UNITED STATES

SECURITIES AND EXCHANGE COMMISSION

Washington, DC 20549

 

FORM 6 - K

 

REPORT OF FOREIGN PRIVATE ISSUER PURSUANT TO RULE 13a-16 OR 15d-16 UNDER THE SECURITIES EXCHANGE ACT OF 1934

 

For the month of July 2015

 

Commission File Number 001-33159

 

AERCAP HOLDINGS N.V.

(Translation of Registrant’s Name into English)

 

Stationsplein 965, 1117 CE Schiphol Airport, The Netherlands, +31-20-655-9655

(Address of Principal Executive Office)

 

Indicate by check mark whether the registrant files or will file annual reports under cover of Form 20-F or Form 40-F.

 

Form 20-F x

 

Form 40-F o

 

Indicate by check mark if the registrant is submitting the Form 6-K in paper as permitted by Regulation S-T Rule 101(b)(1): o

 

Note:  Regulation S-T Rule 101(b)(1) only permits the submission in paper of a Form 6-K if submitted solely to provide an attached annual report to security holders.

 

Indicate by check mark if the registrant is submitting the Form 6-K in paper as permitted by Regulation S-T Rule 101(b)(7): o

 

Note: Regulation S-T Rule 101(b)(7) only permits the submission in paper of a Form 6-K if submitted to furnish a report or other document that the registrant foreign private issuer must furnish and make public under the laws of the jurisdiction in which the registrant is incorporated, domiciled or legally organized (the registrant’s “home country”), or under the rules of the home country exchange on which the registrant’s securities are traded, as long as the report or other document is not a press release, is not required to be and has not been distributed to the registrant’s security holders, and, if discussing a material event, has already been the subject of a Form 6-K submission or other Commission filing on EDGAR.

 

 

 



 

Other Events

 

On July 2, 2015, AerCap Holdings N.V. issued a press release announcing offers by AerCap Ireland Capital Limited and AerCap Global Aviation Trust (together, the “Issuers”), each a wholly owned subsidiary of the Company, to exchange (1) up to $400,000,000 aggregate principal amount of new 2.75% Senior Notes due 2017 (the “2.75% Exchange Notes”), which are registered under the Securities Act of 1933, as amended (the “Securities Act”), for any of their unregistered outstanding 2.75% Senior Notes due 2017 (the “Unregistered 2.75% Notes”); (2) up to $1,100,000,000 aggregate principal amount of new 3.75% Senior Notes due 2019 (the “3.75% Exchange Notes”), which are registered under the Securities Act, for any of their unregistered outstanding 3.75% Senior Notes due 2019 (the “Unregistered 3.75% Notes”); (3) up to $1,100,000,000 aggregate principal amount of new 4.50% Senior Notes due 2021 (the “4.50% Exchange Notes”), which are registered under the Securities Act, for any of their unregistered outstanding 4.50% Senior Notes due 2021 (the “Unregistered 4.50% Notes”); and (4) up to $800,000,000 aggregate principal amount of new 5.00% Senior Notes due 2021 (the “5.00% Exchange Notes” and, together with the 2.75% Exchange Notes, the 3.75% Exchange Notes and the 4.50% Exchange Notes, the “Exchange Notes”), which are registered under the Securities Act, for any of their unregistered outstanding 5.00% Senior Notes due 2021 (the “Unregistered 5.00% Notes” and, together with the Unregistered 2.75% Notes, the Unregistered 3.75% Notes and the Unregistered 4.50% Notes, the “Unregistered Notes”) (collectively, the “exchange offers”).

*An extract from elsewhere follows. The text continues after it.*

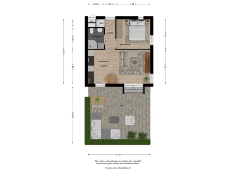 - Deze informatie is door ons met de nodige zorgvuldigheid samengesteld. Onzerzijds wordt echter geen enkele aansprakelijkheid aanvaard voor enige onvolledigheid, onjuistheid of anderszins, dan wel de gevolgen daarvan. Alle opgegeven maten en oppervlakten zijn indicatief.

A copy of the press release announcing the offers is furnished as Exhibit 99.1 to this Report on Form 6-K and is incorporated herein by reference.

 

The information contained in this Form 6-K is incorporated by reference into the Company’s Form F-4 Registration Statement File No. 333-203579, Form F-3 Registration Statement File Nos. 333-177659, 333-203113 and 333-205129 and Form S-8 Registration Statements File Nos. 333-180323, 333-154416, 333-165839, 333-194637 and 333-194638, and related Prospectuses, as such Registration Statements and Prospectuses may be amended from time to time.

 

Exhibits

 

99.1        AerCap Holdings N.V. Press Release.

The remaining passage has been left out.